Verify the configuration:

grep ALERT_EMAIL .env

You should see your email address printed.

Step 2: Deploy Alerts with Setup Script

The setup script orchestrates both Ansible (if needed) and Terraform automatically. It will:

  1. Check and install Terraform if not present
  2. Load environment variables from .env
  3. Run Ansible playbook (optional, use --terraform-only to skip)
  4. Generate terraform.tfvars from environment variables
  5. Initialize Terraform and download Grafana provider
  6. Apply alert configuration with auto-approve

Navigate to the project root:

cd ..  # Back to iac-toolbox-raspberrypi root

Option 1: Full deployment (Ansible + Terraform)

If this is your first time or you want to ensure infrastructure is up-to-date:

./scripts/setup.sh

This runs the complete deployment: Ansible (infrastructure) → Terraform (alerts).

Option 2: Alerts only (Terraform only)

If Grafana and Prometheus are already running and you just want to update alerts:

./scripts/setup.sh --terraform-only

This skips Ansible and only applies the Terraform configuration. Much faster for iterating on alert changes.

Option 3: Infrastructure only (Ansible only)

If you want to update infrastructure but skip alert configuration:

./scripts/setup.sh --ansible-only

What Happens During Deployment

When you run the setup script, you'll see:

========================================
Raspberry Pi Infrastructure Setup
========================================
Mode: Full deployment (Ansible + Terraform)

[1/6] Checking Homebrew...
 Homebrew found

[2/6] Checking Ansible installation...
 Ansible already installed

[3/6] Checking Terraform installation...
 Terraform already installed
Terraform v1.5.0

[4/6] Checking environment configuration...
 .env file found
 Required variables present

[5/6] Setting up Ansible Vault...
 Vault password already exists
 Encrypted secrets already exist

[6/6] Running Ansible playbook...
Target: pi@raspberrypi.local
...
PLAY RECAP *************************************************************
raspberrypi               : ok=XX   changed=X    unreachable=0    failed=0

Configuring Grafana alerts with Terraform...
 Generated terraform.tfvars

Initializing Terraform...
Terraform has been successfully initialized!

Applying Grafana alert configuration...
grafana_folder.alerts: Creating...
grafana_contact_point.email: Creating...
grafana_notification_policy.default: Creating...
grafana_rule_group.homelab_alerts: Creating...
grafana_rule_group.homelab_alerts: Creation complete

Apply complete! Resources: 5 added, 0 changed, 0 destroyed.

 Grafana alerts configured successfully

========================================
Setup completed successfully!
========================================

Grafana Alerts:
  - Access: https://grafana.iac-toolbox.com/alerting/list
  - 5 alerts configured: CPU (85%), Memory (90%), Disk (80%), Offline (5m), Temp (75°C)
  - Email notifications: your-email@example.com
  - To update alerts: cd terraform/grafana-alerts && terraform apply

The deployment typically completes in 2-5 minutes (Terraform portion takes ~30 seconds).

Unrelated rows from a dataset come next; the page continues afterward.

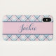 Joli rose pastel et bleu plaid motif iPhone X Coque personnalisé avec votre nom. Changez le nom vous-même lorsque vous commandez.
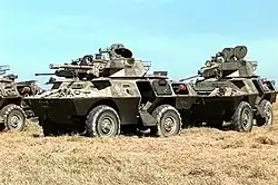 Relatively large-gunned variants of the V-100 began appearing in 1964, when Cadillac Gage marketed the Commando against the Alvis Saladin and Panhard AML-90 for a Royal Saudi Army requirement specifying a wheeled armoured vehicle equipped with a large semi-automatic cannon.[16] A number of V-150s were later successfully tested and offered with a Mecar low-pressure 90 mm smoothbore gun. With the new turret and gun, the V-150 was manned by a crew of three, although it retained enough space for eight additional passengers if no additional shell racks were added.
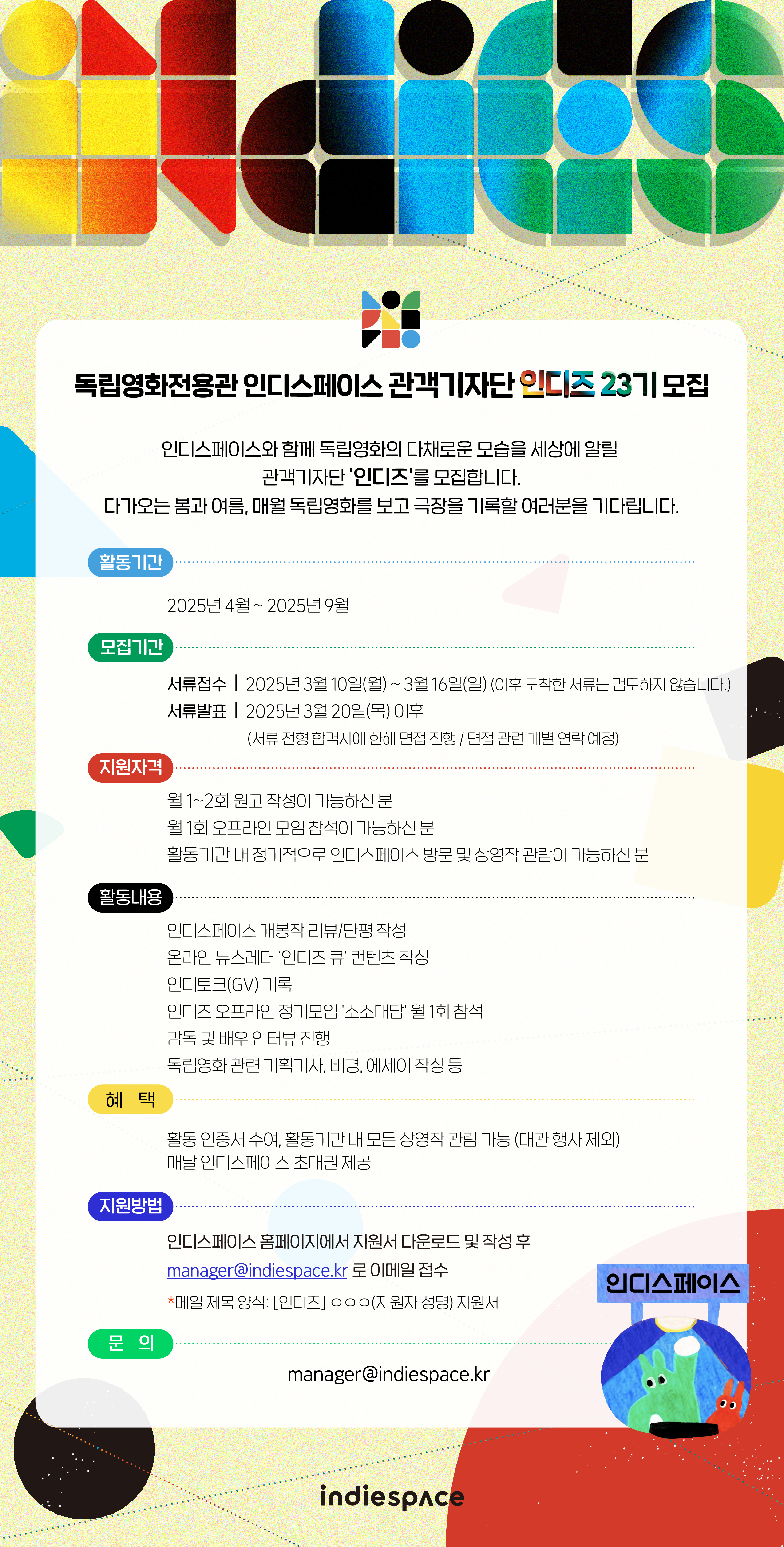 인디스페이스 홈페이지에서 지원서 다운로드 및 작성 후 manager@indiespace.kr 로 이메일 접수

Step 3: Verify Alerts in Grafana UI

Open your browser and navigate to your Grafana instance:

https://grafana.iac-toolbox.com

Log in with your credentials:

  • Username: admin (or value from GRAFANA_ADMIN_USER)
  • Password: Value from GRAFANA_ADMIN_PASSWORD in .env
  1. Click the Alerting icon (bell) in the left sidebar
  2. Select Alert rules from the menu
  3. You should see the Homelab Alerts folder

Click into the folder to see all 5 alert rules:

Grafana Alert Rules

You should see:

  • High CPU Usage - State: Normal (or Pending if CPU is high)
  • High Memory Usage - State: Normal
  • Low Disk Space - State: Normal
  • Device Offline - State: Normal (your Pi is online)
  • High CPU Temperature - State: Normal

Alert States Explained:

  • Normal: Condition is not met, everything is fine
  • Pending: Condition met but waiting for "for" duration (5 minutes)
  • Firing: Condition met for required duration, notification sent
  • NoData: Query returned no data (check Prometheus)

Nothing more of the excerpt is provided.